Result: A working Flask application with 5 files in 144 seconds. Benchmark grade: S (100%).

Key capabilities:

3 Amazon Nova models — Lite (32K, fast), Pro (300K, balanced), Premier (1M, deep reasoning)
11 agent formations — Pre-built team layouts from single-file edits to full-stack multi-agent builds
13 agent tools — read, write, edit, bash, glob, grep, remember, and more
6-level autonomy system — A0 (ask for everything) through A5 (fully autonomous)
14-stack preview detection — Auto-detects Flask, FastAPI, Node, React, and 10 more
Circuit breaker — Auto-disables failing tools to prevent infinite retry loops
Agent self-correction — Agents verify their own output with read-back checks

How we built it

Pure Python, no dependencies on proprietary agent frameworks. Nova Forge is a standalone tool-use loop that calls Amazon Nova via AWS Bedrock's Converse API.

Architecture:

ForgeAgent — The core loop: send prompt → Nova responds with tool calls → execute tools → loop until done. 13 tools available (read_file, write_file, bash, remember, etc.)
ModelRouter — Adapter for AWS Bedrock with custom botocore.Config (300s read timeout for Premier's ~100s inference time)
WaveExecutor — Runs independent tasks in parallel using asyncio.gather() with semaphore throttling
GateReviewer — Spawns a read-only reviewer agent that adversarially checks the build output
PromptBuilder — 3-tier system prompts: Slim (~600 chars for 32K Lite), Focused (~1,500 chars for 300K+ Pro/Premier), Full (~5K chars for 1M+)
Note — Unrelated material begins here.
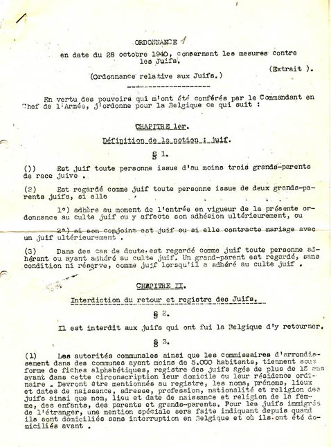 Order dated 28 October 1940 concerning measures against Jews

The 3-tier prompt system was the single biggest breakthrough. Nova Lite's 32K context window means every token matters. We created a slim prompt that strips tools to essentials and adds output coaching ("respond with JSON, not markdown"). This took Lite from C-grade to S-grade.

Pre-seeded upstream context was the second breakthrough. Instead of letting dependent tasks discover files through tool calls (2-3 turns wasted), we inject the file content from completed upstream tasks directly into the prompt. Premier went from A to S with this change.

19 sprints in 7 days. We tracked every change through a sprint system, enabling rapid iteration on model-specific optimizations.

Challenges we ran into

Nova Lite's 32K context window — Our initial system prompts used ~5,000 characters. At 32K, that's a significant fraction of the budget. We had to create an entirely different prompt tier (Slim) with minimal tools and coaching to make Lite work.
Nova Premier's inference time — Premier takes ~100 seconds per inference call. The default boto3 timeout of 60 seconds caused every Premier request to fail. We had to discover and configure botocore.Config(read_timeout=300) — this isn't well-documented.
Malformed JSON from LLM output — All Nova models occasionally produce trailing commas, truncated JSON, or markdown fences around JSON. We built _recover_json() with progressive fallback: strip fences → fix trailing commas → extract JSON substring → parse partial.
Agent tool failure spirals — When a tool fails (e.g., edit_file with wrong old_string), agents would retry the exact same call repeatedly. We implemented a circuit breaker that disables a tool after 3 consecutive failures, forcing the agent to try alternative approaches.
Context window exhaustion — On long builds (30+ turns), the conversation exceeds the model's context. We implemented budget-based compaction (60% threshold for 32K, 65% for 200K+) that preserves toolUse/toolResult pairs to avoid breaking the conversation structure.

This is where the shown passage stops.